GraphicsRow[{DensityPlot[Sin[Norm[{x, y}]], {x, -10, 10}, {y, -10, 10}],
             colorbar[]}]

Mathematica graphics

The colour bar has too much space around it. How can I specify the amount of space GraphicsRow should give a particular item?

Alternatively, what is a better way to include the colour bar?


Answer summary

After experimenting with this for a while, it seems that the situation is the following (simplified):

  • Grid and friends (Row, Column) will size the grid cells to fit each item individually (cells resized to fit items).

  • GraphicsGrid will first set up a grid with fixed cell sizes, then fit each item into the cells (items resized to fit cells).

GraphicsGrid-like solutions are more convenient when the whole graphic need to be sized to a specification.

István's answer hacks GraphcisRow by setting a negative spacing and thus pushing the elements closer together. It's the most convenient for this situation, but it doesn't generalize for many cells.

R.M.'s solution suggests using Grid instead. This generalizes well, but requires pre-sizing all items individually, and no resizing is possible after (e.g. just before import).

Since GraphicsGrid is implemented in terms of Inset, the most general easily resizable solution would be implementing a GraphicsGrid-like construct where cell size ratios can be specified. kguler's last answer illustrates this best.

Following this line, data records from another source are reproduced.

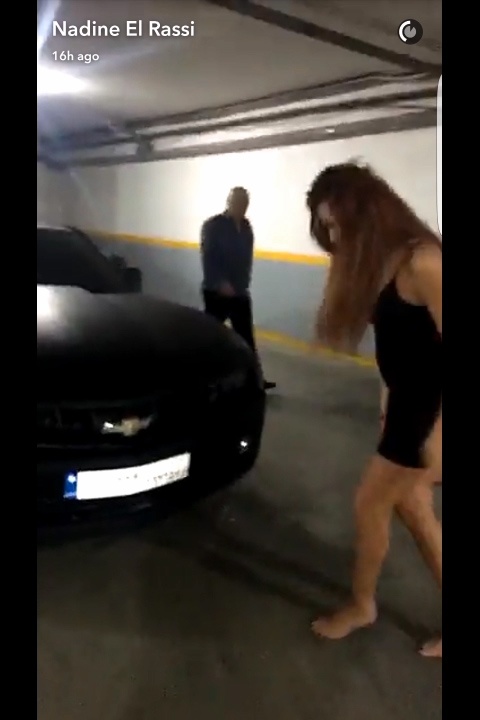 وقد صوّرت إحدى صديقات نادين إياها، حافية القدمين حيث كانت تتفقّد السيارة وتتفحّصها عن قرب، هي التي إنتقلت منذ فترة للعيش وحدها بعد إنفصالها عن زوجها، ويتمّ راهناً الإنتهاء من أوراق الطلاق.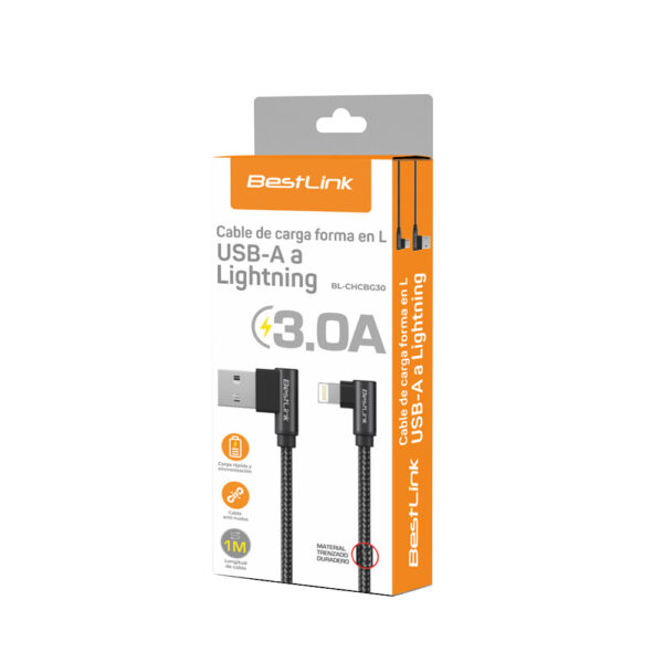 Cable de carga USB-A a Lightning 3.0A Trenzado en L / Mod. BL-CHCBG30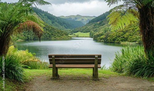 Wooden bench overlooking serene lake with lush greenery , natural beauty, nature scenery, rustic ambiance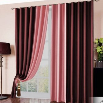 Aynı zamanda, farklı malzeme seçeneklerini kullanabilirsiniz - ışık perdeleri ve biraz daha yoğun olanlar. Bu kombinasyon klasik olarak kabul edilir ve yüz yıldan fazla bir süredir iç mekanlarda başarıyla kullanılmaktadır. Bu yöntem, alanı görsel olarak genişletmenize ve gerekirse daha açık veya daha koyu hale getirmenize olanak tanır. Ürün yelpazesinde yatak odası için çok çeşitli kumaş ve perde renkleri bulabilirsiniz.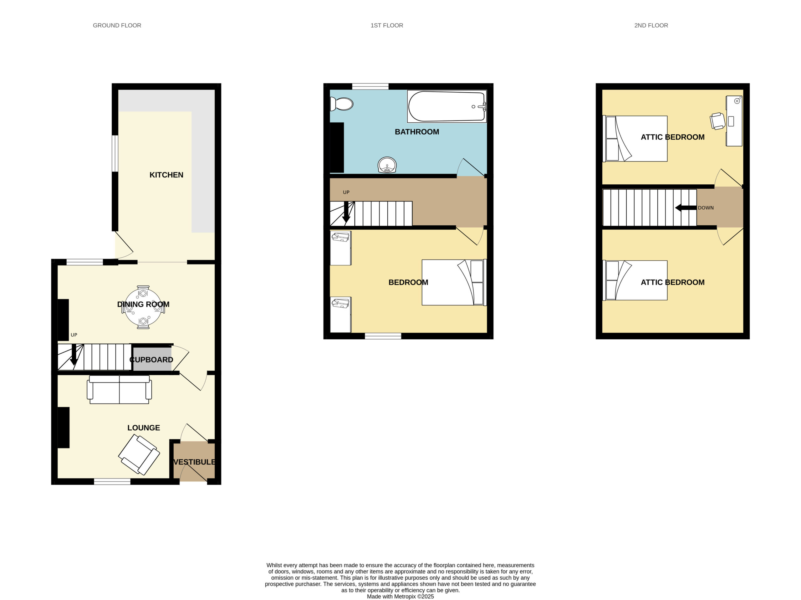 The second floor hosts two additional attic bedrooms, both offering versatility — perfect for children, guests, hobby rooms or a dedicated home office.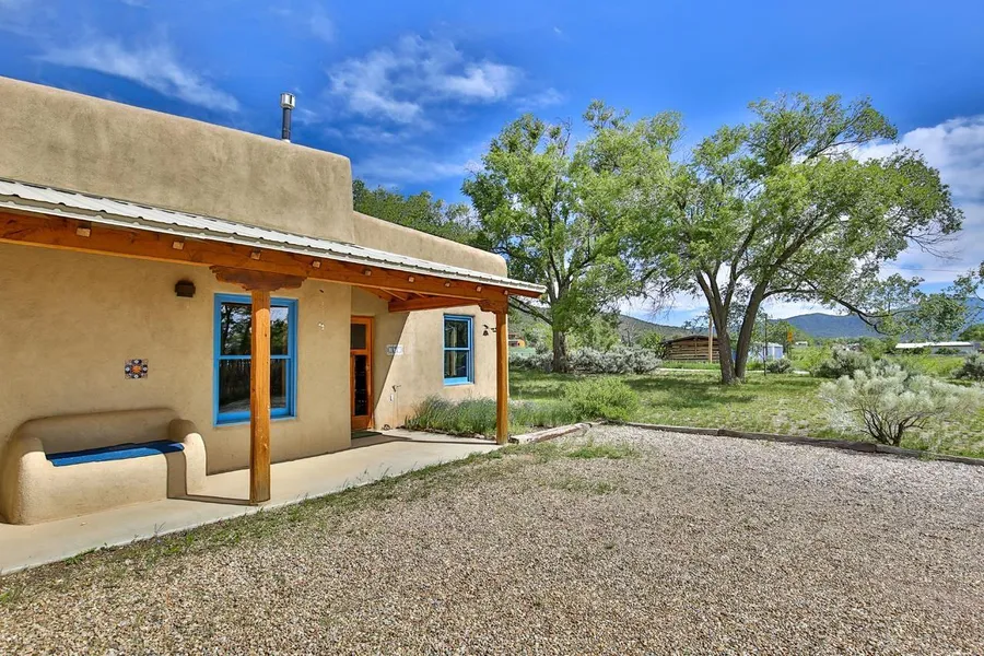 This immaculate master piece 2 bath, 1 bed, 1537 Sqft home sits on lush acreage in a peaceful setting. The setting invites a feel of country living yet is only a few minutes away from all the amenities Taos has to offer. Conveniently located off a paved road, access throughout the year is an ease. Upon entering the home you'll feel at ease with the temperate ambiance, well thought out floor plan, and high ceilings. Three sides of windows in the open living room afford stunning views of the Picuris mountain range and the Weimer foothills. Entertaining guests in the full sized dining room is a breeze and beautiful accents throughout the room create a comfortable space, not to mention the enamel natural gas stove. Natural light filters into the cozy kitchen with solid wood cabinets and a wood burning Kiva fireplace in the corner. A small nook next to the Kiva is a great place to put a writing desk, sewing machine, or use as a reading nook and just above it is a sleeping loft. Large vigas and split cedar ceilings adorn the large master bedroom with a en suite full sized bathroom. In the master bath sits a cast iron clawfoot tub, pine tongue and groove ceiling, and a window with a private view. A full sized washer and dryer is located in a dedicated closet in the master bathroom. The home boasts many high end finishes, such as, diamond and adobe plastered walls, etched stained concrete and flagstone floors, wood encasement windows, hand peeled vigas, and split cedar wood ceilings. The North facing portal is a great place to enjoy the outdoors with a grand view of Taos Mountain. Fully mature trees surround this home, providing privacy and shade; enjoying the outdoors has never been easier! The home has it's own water well, septic system, and natural gas hookup. Come see this gem, you'll truly feel welcomed as you enter the front door.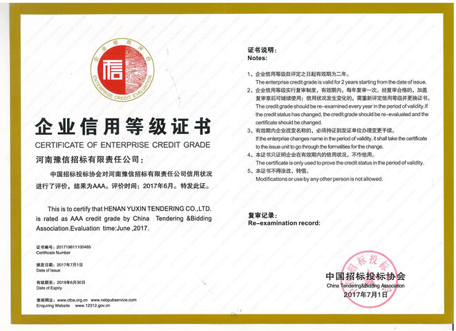 中國招投標協會3A企業信用等級證書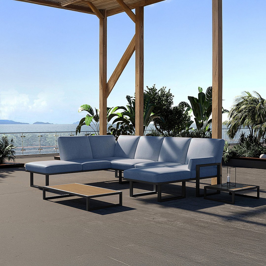 Canapé 4 places Soledo Bleu clair - Cadre anthracite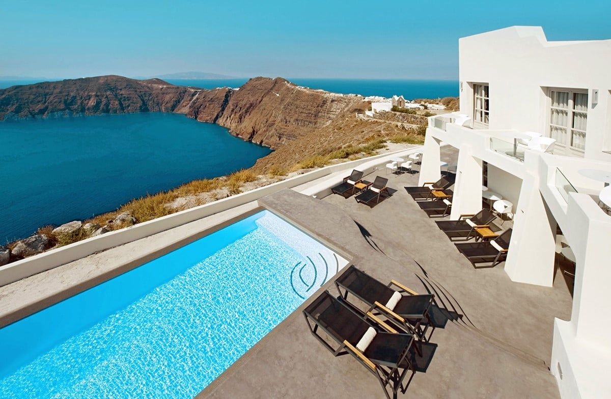 Dit adults only-hotel aan de kraterwand van Santorini is een droom voor koppels en honeymooners, die hier de hemelse rust vinden om te genieten van elkaar en van het onweerstaanbare natuurdecor van de caldera. Ook het zicht van in de infinity pool is één en al azuurblauw water en vulkaan. De spa verwent u met een resem wellnessbehandelingen, maar dan wel in een uniek decor met prachtige panorama's. En hebt u toch behoefte aan wat drukte, dan is het amper twee kilometer lopen naar het stadje Fira met zijn smalle straatjes, winkeltjes en terrasjes.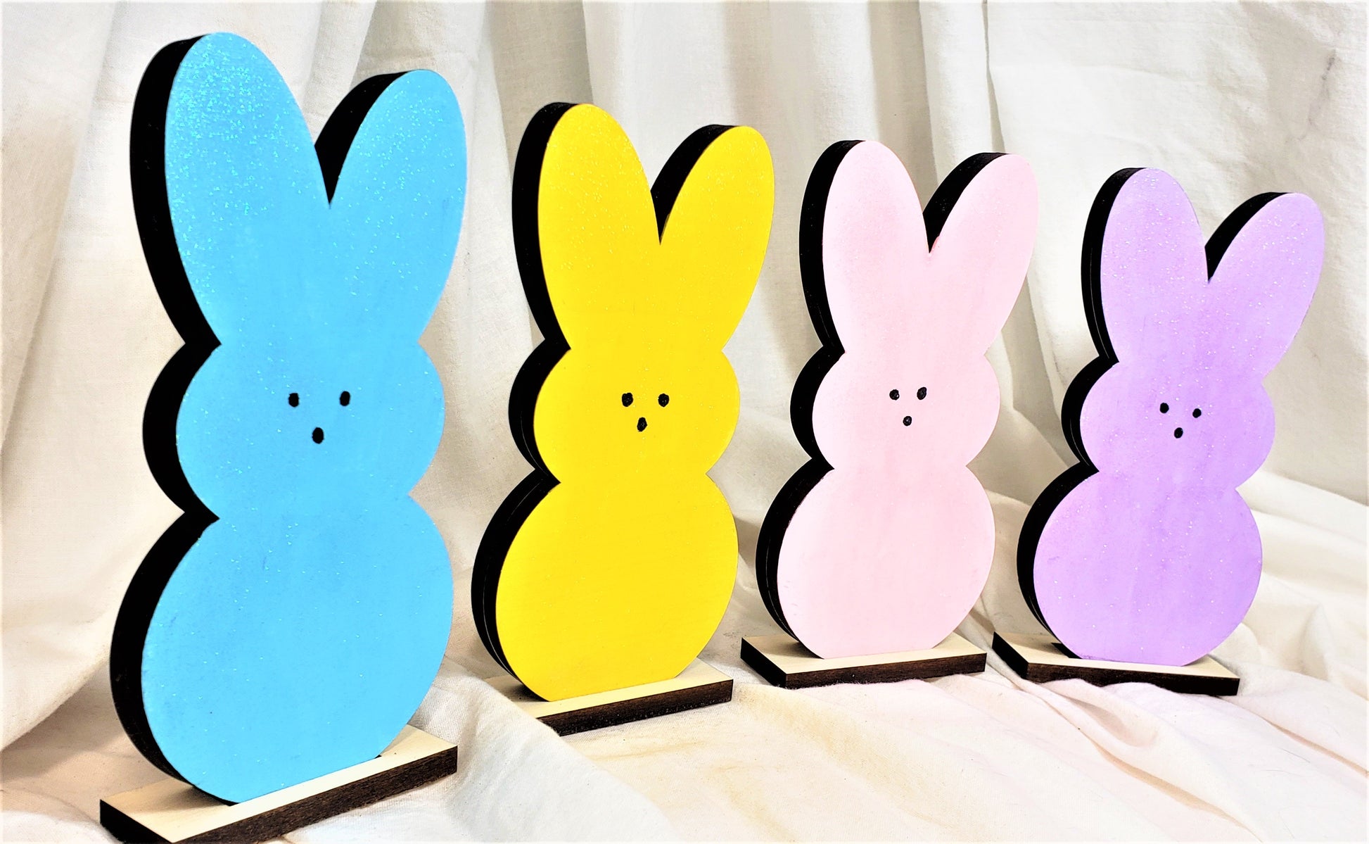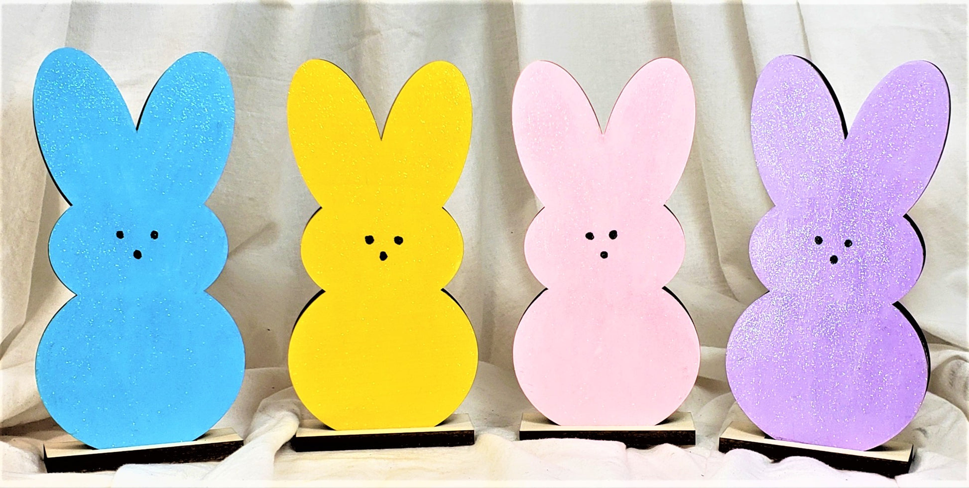 I hand paint each piece with acrylic paints and then give them a coating of glitter paint to look like the sugar coating on Peeps. Each piece is then given a polyacrylic coating to protect its color for years and years to come!

Several other solutions used Inset directly as well. A problem with resizing these solutions can be that the aspect ratio of elements is size-dependent (due to the absolute sizes used in ImagePadding), so how they fit into a fixed aspect ratio Inset will depend on the scale. Note for example the difference in scaling behaviour between István's solution and kguler's solution at small sizes: in kguler's solution (using a cell aspect ratio matching that of the colour bar) the colourbar suddenly get shrunk compared to the main plot at small sizes, but the tick marks will never overlap with the other plot. in István's solution (which uses overlapping square cells) the colour bar never gets overshrunk, but the tick marks will overlap the main plot.

Update: Version 9 has built-in support for plot legends, including colour bars. Legended is used to append a legend to a graphics object.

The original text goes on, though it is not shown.